Qualcomm: Earnings, Valuation, Free Cash Flow Forecasts
If we assume $9.50 of forward non-GAAP EPS and apply a 17 forward operating earnings multiple, then the stock should trade near $162. That is up from my previous valuation estimate, given lower interest rates today and a natural rise in expected EPS over the coming 12 months. I continue to like Qualcomm’s cash flow metrics, though shares are not as attractive when assessing sales multiples.
QCOM: Generally Favorable Valuation Metrics
Compared to its peers, QCOM features a near-average valuation as the entire space experiences generally healthy chip demand. Historical growth has been weak, leading to the poor grade (non-GAAP EPS fell 33% in 2023), but I assert that the growth trajectory is much more sanguine. Qualcomm is among the most profitable and strongest firms from a free cash flow perspective, while share-price momentum has been strong – I will detail key price points to watch on the chart later in the article. Finally, EPS revisions have been mixed lately, though QCOM has topped earnings estimates in each of the last 12 reports.
Competitor Analysis
Looking ahead, corporate event data provided by Wall Street Horizon show a confirmed Q1 2024 earnings date of Wednesday, January 31 AMC with an earnings call immediately after results cross the wires. You can listen live here. Before that, Qualcomm is slated to participate at the
Consumer Electronics Show (CES) 2024 from January 9 through 12 in Las Vegas.

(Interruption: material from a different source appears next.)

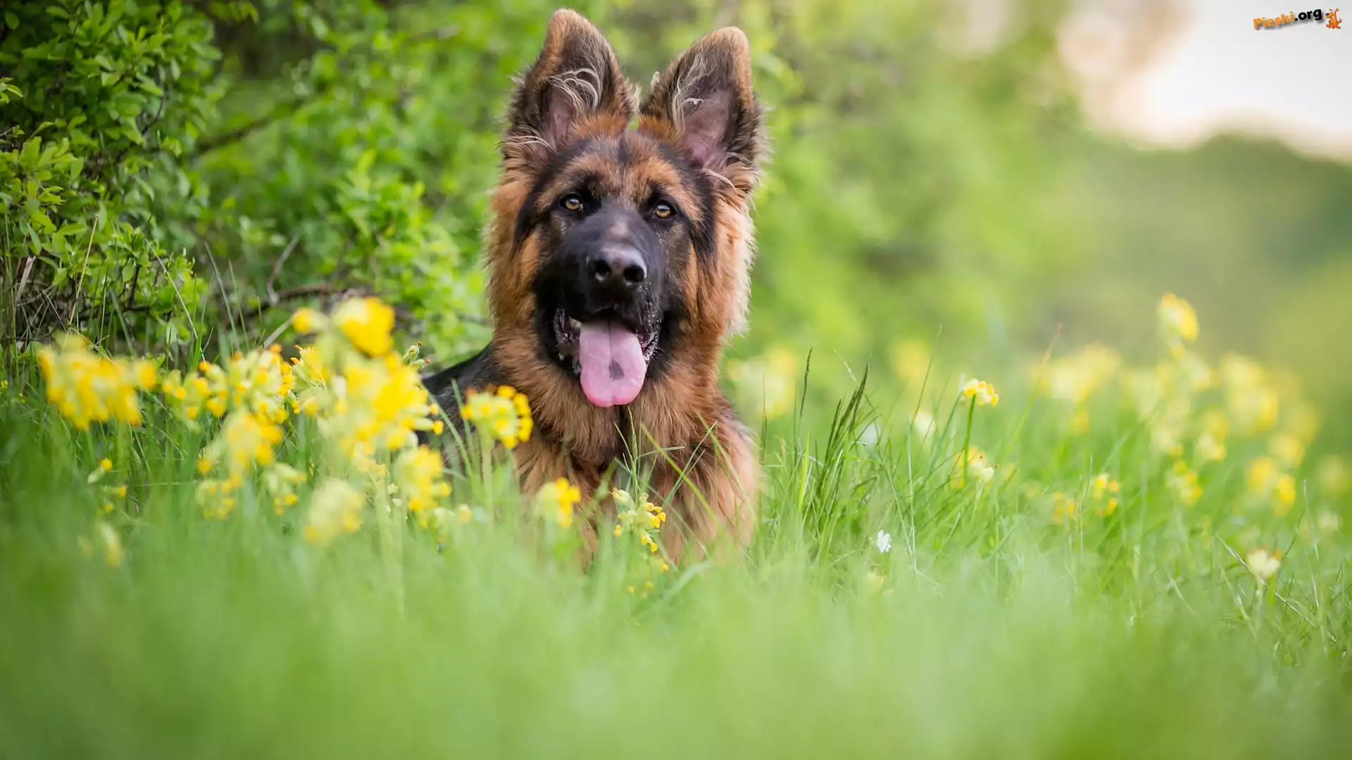 Owczarek niemiecki, Łąka, Rozmyte tło

Corporate Event Risk Calendar
The Technical Take
I took a long-term view of QCOM in my previous analysis in Q3 last year. Zooming in, I see that the stock has broken out from a consolidation that featured a key downtrend resistance line. Notice in the chart below that shares rallied above the $130 mark during Q4 last year. The stock has retreated amid the early-year selloff in the tech sector, falling from $147 to $138, but with a long-term 200-day moving average that is now upward-sloping, the trend appears to favor the bulls.
I continue to see broad support near the $101 mark, and the descending triangle breakout leads to an upside measured move price objective to near $175 based on the height of the triangle at its onset and then adding that height to the $130 breakout point. $175 also has confluence with the range lows from the late 2021 to early 2022 highs. For now, QCOM is working off technical overbought conditions, so buying on a pullback to the $130 breakout point could be a favorable risk/reward play.
Overall, I see QCOM’s chart as constructive after holding important support near $101 and then rallying through resistance.
QCOM: Bullish Upside Breakout, $175 Technical Target
The Bottom Line
I reiterate my buy rating on QCOM. I see shares as a solid GARP play with impressive EPS growth ahead and a solid technical backdrop.